You are viewing a plain text version of this content. The canonical link for it is here.
Posted to user@tika.apache.org by Markus Jelsma <ma...@openindex.io> on 2011/04/04 16:51:13 UTC

Wrong Mime-type detection

Hi,

I've got some OCR'd books in plain text format which are incorrectly marked as 
application/x-elc, probably because of the junk bytes in the head and 
sometimes tail. I've also seen some being marked as shockwave files. The 
additional problem is that the file program also marks these files as Lisp 
data.

My question is, how do you handle files that are given an incorrect mime-type? 
Are there some best practices?

Here are a few example files:

http://ia600400.us.archive.org/34/items/papersfromtortug183121922carn/papersfromtortug183121922carn_djvu.txt
http://ia700108.us.archive.org/14/items/reportofcommissi1881unit/reportofcommissi1881unit_djvu.txt
http://ia600300.us.archive.org/12/items/stuttgarterbeitr2747197779staa/stuttgarterbeitr2747197779staa_djvu.txt
http://ia600100.us.archive.org/9/items/nicolaijosephija01jacq/nicolaijosephija01jacq_djvu.txt

Cheers,
-- 
Markus Jelsma - CTO - Openindex
http://www.linkedin.com/in/markus17
050-8536620 / 06-50258350

Re: Wrong Mime-type detection

Posted by Nick Burch <ni...@alfresco.com>.
On Wed, 6 Apr 2011, Markus Jelsma wrote:
> However, removing all types other than plain/text from tika-mimetypes 
> might do the trick. Will Tika then fall back to that type even if it 
> first doesn't mark as such?

Tika will fall back to application/octet-stream if it doesn't know what a 
file is.

In the case of something like text/csv extends text/plain, then if you 
remove the entry for text/csv then Tika should fall back on text/plain 
(except if the match was only occuring on the latter)

Nick

Re: Wrong Mime-type detection

Posted by Markus Jelsma <ma...@openindex.io>.
 Hi Nick,

 Tika is deployed in my Nutch and it's not a simple task to adjust 
 parse-tika for the first two suggestions. However, removing all types 
 other than plain/text from tika-mimetypes might do the trick. Will Tika 
 then fall back to that type even if it first doesn't mark as such?

 Thanks,

 On Mon, 4 Apr 2011 17:22:20 +0100 (BST), Nick Burch 
 <ni...@alfresco.com> wrote:
> On Mon, 4 Apr 2011, Markus Jelsma wrote:
>> I've got some OCR'd books in plain text format which are incorrectly 
>> marked as application/x-elc, probably because of the junk bytes in the 
>> head and sometimes tail. I've also seen some being marked as shockwave 
>> files. The additional problem is that the file program also marks 
>> these files as Lisp data.
>
> One option is that if you trust the filename, you could match on just
> that.
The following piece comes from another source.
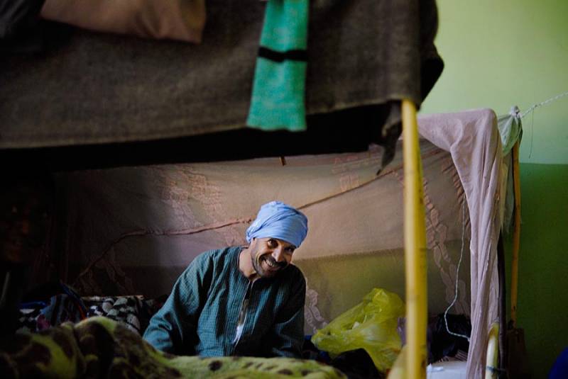Gohari ,18, is the youngest male patient at Abu Zaabal. He finished his MDT treatment and now receives physiotherapy for his hands. Effective treatment for leprosy appeared in the late 1930s with the introduction of dapsone and its derivatives. However, leprosy bacilli resistant to dapsone gradually evolved and became widespread, and it was not until the introduction of Multi Drug therapy (MDT) in the early 1980s that the disease could be diagnosed and treated successfully. Belonging to the younger generation Gohari does not want to spend his life in the colony but wishes to go return to Kafr El Sheikh, his home town, and continue school.

For example, you could decide that
> http://ia600400.us.archive.org/ can be trusted to get the content 
> type
> correct on text files, and just use theirs.
>
> Another one that could work in your special case could be to detect
> on both the start of the file, and say 10% and 20% in. If you get
> octet stream for the 10% and 20% then you know the first detection is
> likely to be correct. If they both give text, then there's a fair
> chance it's actually one of your iffy text files.
>
> Finally, if you know none of your files will be of certain
> problematic types, you could try just removing them from your mime
> magic list?
>
> Nick

-- 

Re: Wrong Mime-type detection

Posted by Nick Burch <ni...@alfresco.com>.
On Mon, 4 Apr 2011, Markus Jelsma wrote:
> I've got some OCR'd books in plain text format which are incorrectly 
> marked as application/x-elc, probably because of the junk bytes in the 
> head and sometimes tail. I've also seen some being marked as shockwave 
> files. The additional problem is that the file program also marks these 
> files as Lisp data.

One option is that if you trust the filename, you could match on just 
that. For example, you could decide that http://ia600400.us.archive.org/ 
can be trusted to get the content type correct on text files, and just use 
theirs.

Another one that could work in your special case could be to detect on 
both the start of the file, and say 10% and 20% in. If you get octet 
stream for the 10% and 20% then you know the first detection is likely to 
be correct. If they both give text, then there's a fair chance it's 
actually one of your iffy text files.

Finally, if you know none of your files will be of certain problematic 
types, you could try just removing them from your mime magic list?

Nick